Analysis and Modelling of Fractional-Slot Concentrated-Wound Interior Permanent Magnet Machines

Abstract

This thesis focuses on the analytical modelling of fractional-slot concentrated-wound (FSCW) interior permanent magnet (IPM) machines and establishes a basis for their magnetic and electrical analysis. In the state of the art methods for analyzing such machines, the non-homogeneous magnetic saturation and the non-linear B-H curve of the rotor iron are not considered. Moreover, the effect of the FSCW stator on the machine magnetic characteristics is overlooked. Aiming at precise modelling of FSCW IPM machines’ magnetic and electrical characteristics, a comprehensive mathematical treatment of the stator magneto-motive force (MMF), the IPM rotor non-homogeneous magnetic saturation, and its airgap flux density are presented. The FSCW stator spatial MMF harmonics are analytically formulated, based on which, a novel heuristic algorithm is proposed for the design of optimal winding layouts for multiphase FSCW stators with different slot/pole combinations. The non-homogeneous magnetic saturation of the rotor iron due to its B-H curve and the residual flux of the embedded magnets is modelled and a saturation map is proposed for the rotor iron.

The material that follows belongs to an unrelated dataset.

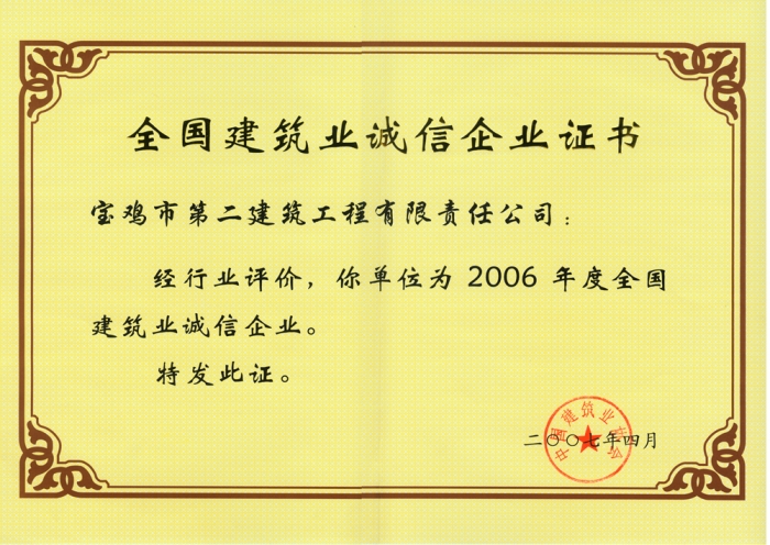 2006年全國建筑業(yè)誠信企業(yè)

Accordingly, a novel airgap function is proposed for FSCW IPM machines taking into account the effect of the FSCW stator and the non-homogeneously saturated rotor. A precise mathematical model is then proposed for calculation of the airgap PM flux density. The proposed mathematical models for the FSCW stator and the IPM rotor are combined to derive detailed mathematical expressions for its operational inductances, electromagnetic torque, torque ripple and their respective subcomponents, as a function of the machine geometry and design parameters. Both normal operation of the machine and open-phase fault condition are considered in the aforementioned formulations. A “maximum torque per ampere” algorithm is then proposed for the machine under an open-phase fault condition in which customized currents are injected such that maximum average torque with a low torque ripple is guaranteed. Lastly, the derived geometry-based models for the machine characteristics are used to propose an extended dq model for FSCW IPM machines which takes into account its non-sinusoidal parameters. The proposed theories and analytical models are validated using finite element analysis and experimental tests on a prototype FSCW IPM machine.